I haven’t checked in since last week, as my kids have been on Winter Break this week. I have been spending some good quality time with them. Good quality time that came to a screeeeeching halt on Monday. I’ll spare you the projectile vomit details that came two hours after my 9-year-old son hit his head on an ice slide after skiing.
I was by the lake alone with the two children when this happened, so I immediately rushed myself and the two boys to the local hospital, still wearing our ski clothes. Shaking, frazzled and frightened, we waited the six critical hours post head trauma to ensure that we didn’t have a Natasha Richardson case on our hands. And after my husband raced up north to the hospital in 30 minutes flat (a drive that normally takes 50 minutes), it was these images below that captured the essence of the moment. I was praying my 9 year son was going to LIVE, and here was my little 6 year old son, trying to make the best out of a “boring” 4-hour wait at the hospital. Do you see this guy? Trying to mooch a screen from the strangers sitting behind us.
And then came this one– after those two guys up and left with their DVD player, so did my son. He moved over to mooch more screen time in the corner. Gotta love the masked kid watching him.
I think the moral of the story is – in the scariest and darkest moments, humor heals. Humor is everything. I was laughing and crying at the same time, just trying the make the best out of such a frightening situation.

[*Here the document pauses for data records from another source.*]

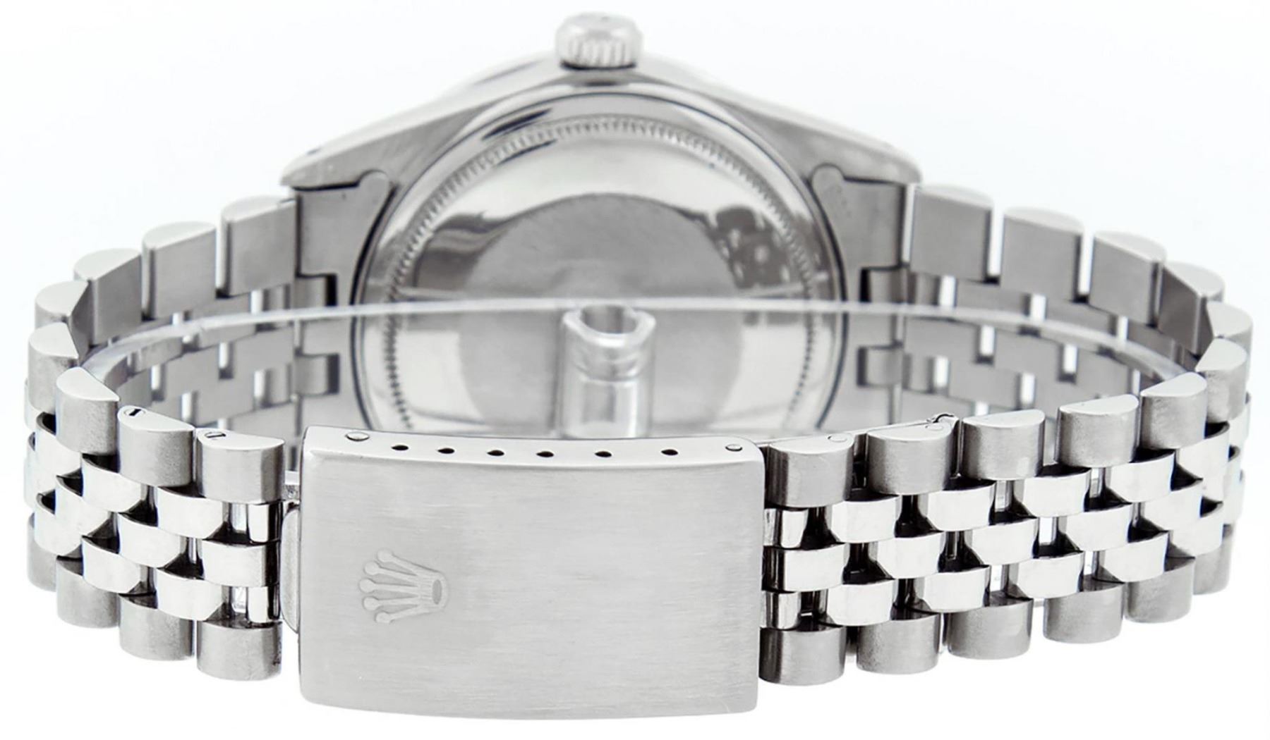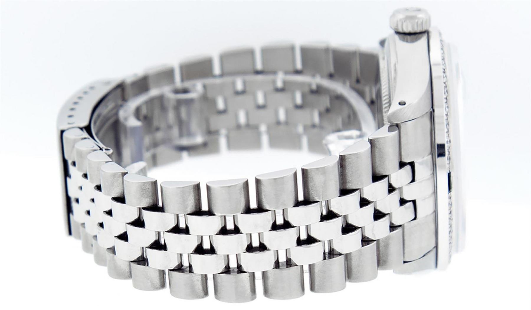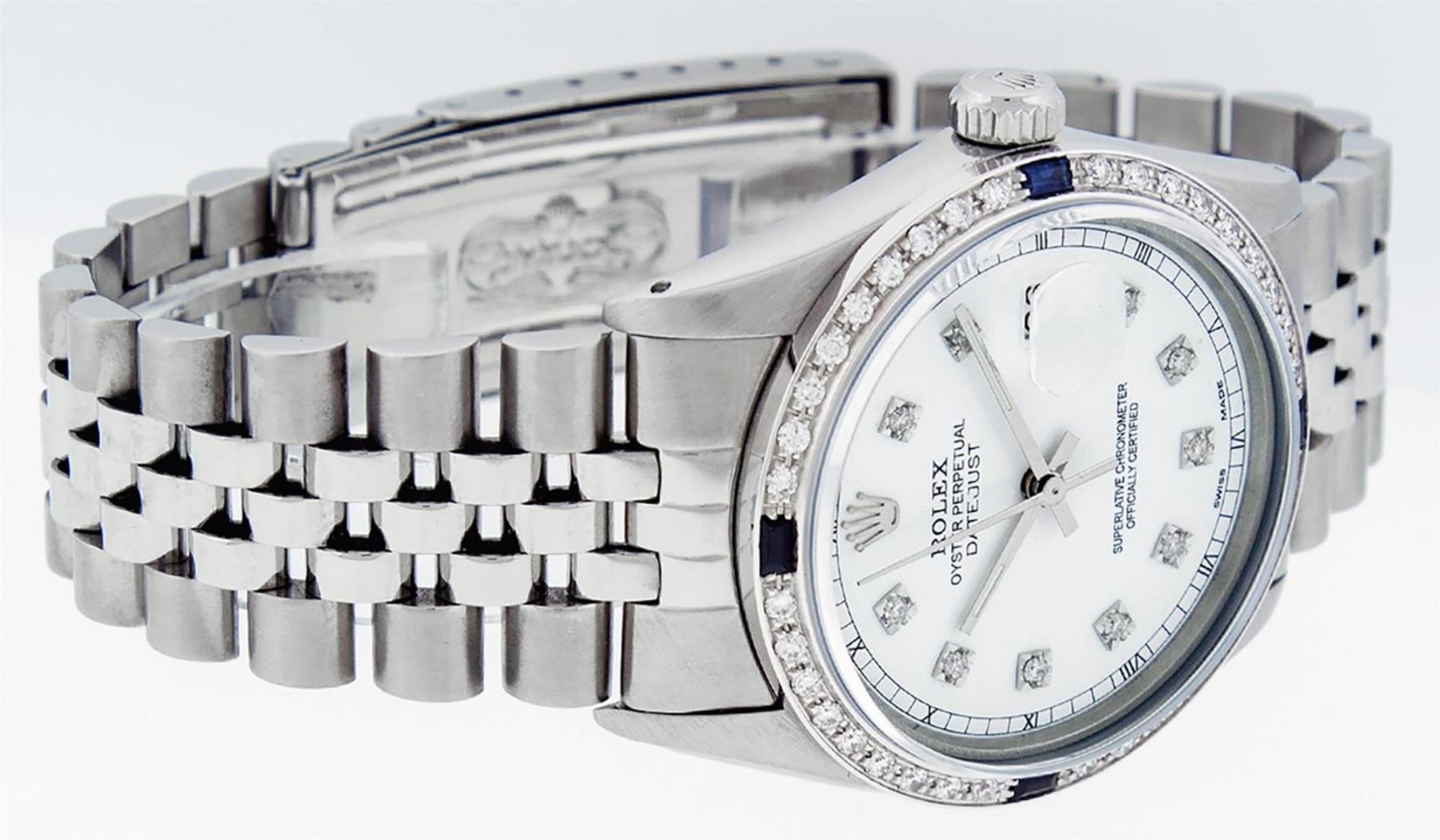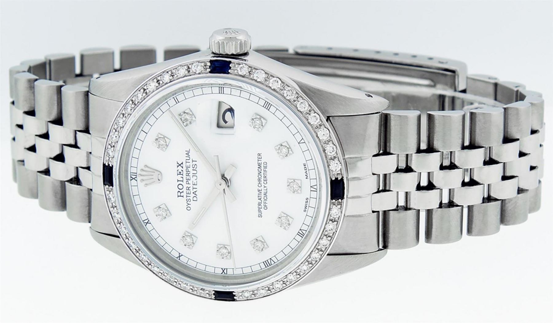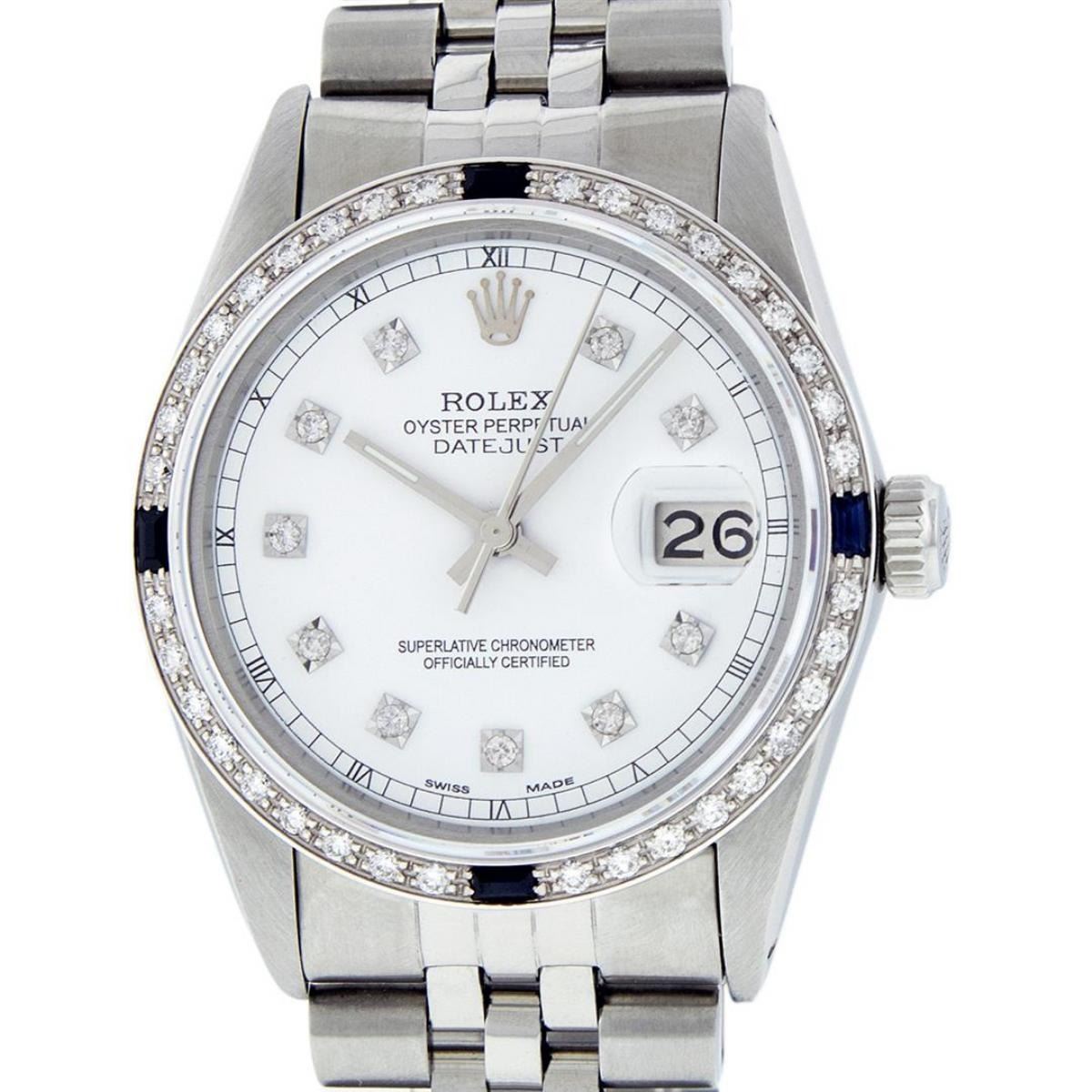 One Mens Stainless Steel Rolex Datejust Polished, Serviced & Electronically Tested, Stainless Steel Case: 36mm, Stainless Steel Crown, Custom Bezel: New 18K White Gold Sapphire Beadset Diamond Bezel, Diamond + Gem Count: 36 Diamonds + 4 Sapphires, Total Weight 1.00 Carat, Clarity: SI-VS, Color: G to H. Custom Crystal: New Scratch Resistant Synthetic Sapphire Cyclops Lens. Custom Hands: New Luminescent Hands. Movement: Automatic Winding Movement Caliber 3035. Custom Dial: White Diamond Dial With Roman Track, 10 Diamonds in Dial, G To H In Color, Clarity: SI-VS. Date Window: 3 O'Clock Position Date Display, Quickset, Model: Datejust. Condition: G-6 Extra Fine. Bracelet: Stainless Steel Jubilee Band. Bright Polish & Satin Finish. 7.0 Inch Length, Adjustable. Standard Clasp, With Rolex Logo. This Watch Has Been Serviced Time Tested And Is In Excellent Condition It Is Free Of All Scratches And Dents.
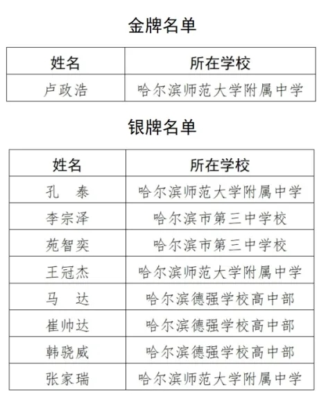 (哈师大附中卢政浩获得决赛金牌,进入国家集训队)
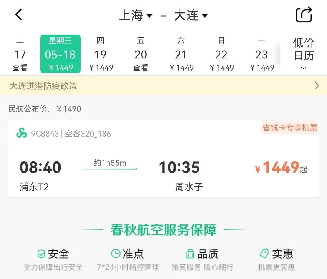 除此之外,通過春秋航空APP也可自行購買5月18日上海? 大連往返機票,其中上海至大連的航班號為9C8843,當天8點40分從上海浦東國際機場起飛。大連至上海的航班號為9C8978,當天16點50分從大連周水子國際機場起飛。
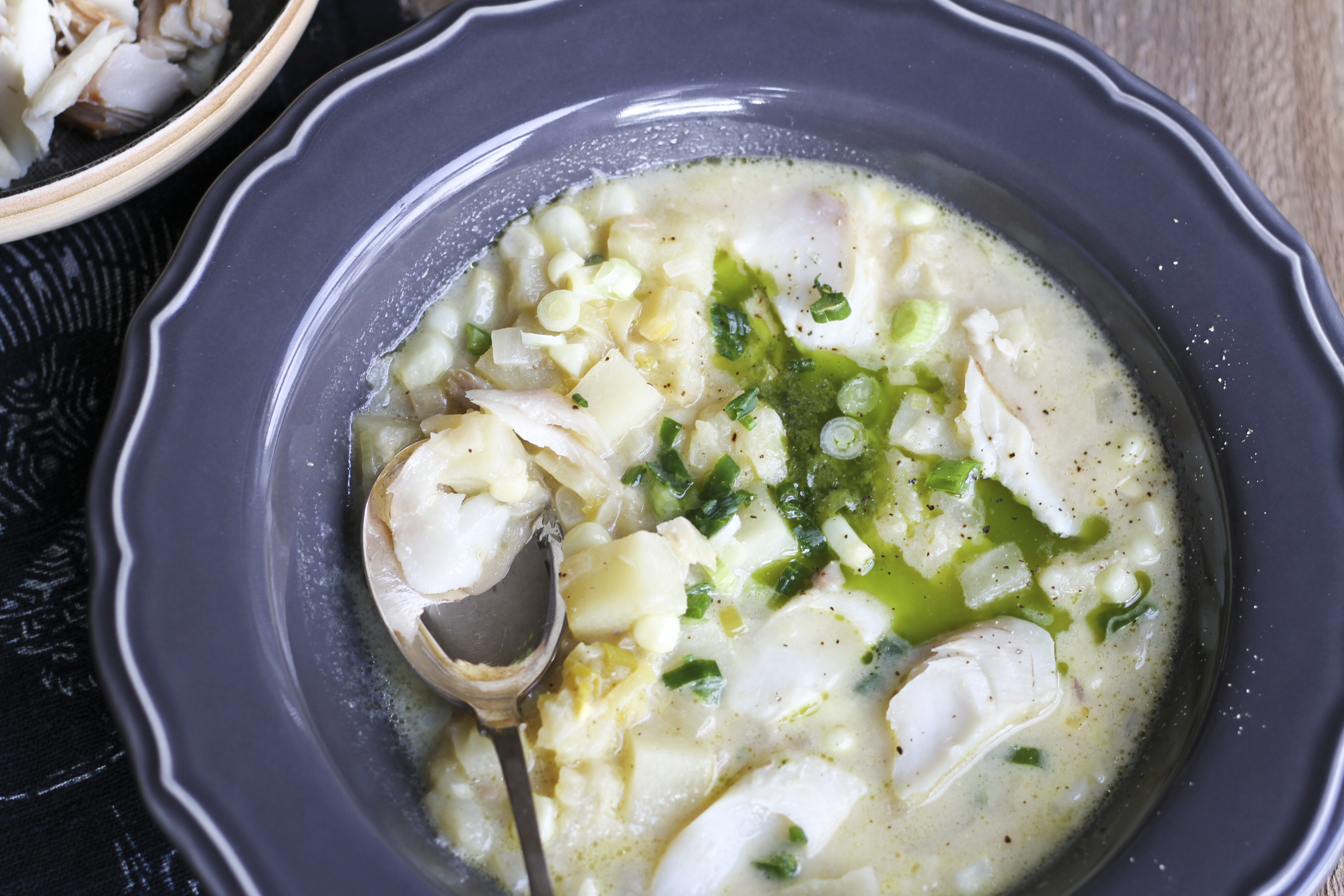 Make the chowder by sweating the onion and leek. Then add the fish stock and milk in equal proportions. Since the smoked fish is already cooked, it is just a matter of poaching it lightly and imparting the smoky flavor of the sea. Next, cook the potatoes in the liquid. Add the corn when the chowder is almost ready. I put the flaked fish fillet on the side instead of returning it to the hot chowder. To serve, sprinkle some scallions on top. Finally, it’s time to enjoy the smoked fish and corn chowder.
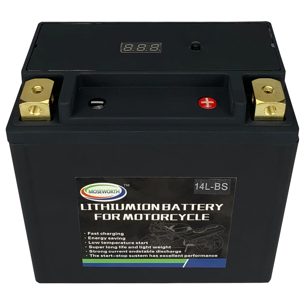 Размер 14-BS/14L-BS: 150x87x145 мм/5,9x3,4x5,7 дюйма 14-BS/14L-BS Вес: 1,85 кг/4.08lbs Защитная плата напряжения: Встроенный BMS Материал корпуса: Новый АБС-пластик Срок службы: более 2000 раз (3-5 лет) Номинальная емкость: 14 Ач Номинальное напряжение: 12 В CCA: 620A Эффективность зарядки: 3C Энергоэффективность: 95% Год саморазряд: 0.1% Начните переходных частот Напряжение колебания: 0,2 ~ 0,5 V Температура разряда: -25 ~ 80 градусов по Цельсию
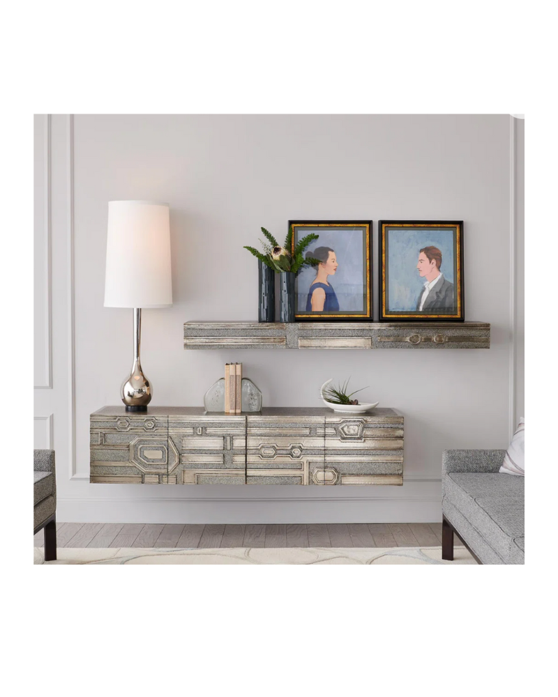 The Abstract Block Floating shelf is made of wood and covered in a metal sheet with a protective coating. It features a post modern geometric relief pattern.
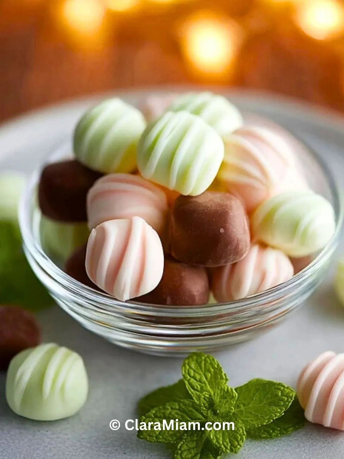 Ce qui me plaît le plus avec ces bonbons, c’est leur simplicité : peu d’ingrédients, une préparation sans cuisson, et la possibilité de varier les couleurs ou les finitions selon l’occasion. Ils séduisent toujours les gourmands, petits et grands, et apportent une touche élégante à un plateau de mignardises.

And well, another lesson– you’ve gotta try to make the best out of ANY situation in life. I know that my little guy above inherited that trait from me – I have always tried to make the best out of whatever hand I’ve ever been dealt. There is little point in swimming upstream, against the current. But rather, going WITH the current in life, is always your better option. Any time. Any day. I learned a while ago to stop trying to swim upstream. I try and move with the flow of life, and it has made all the difference.
So today, I am feeling thankful that he is doing better. We’re resting, and laying low. But I haven’t left his side for 30 seconds since Monday.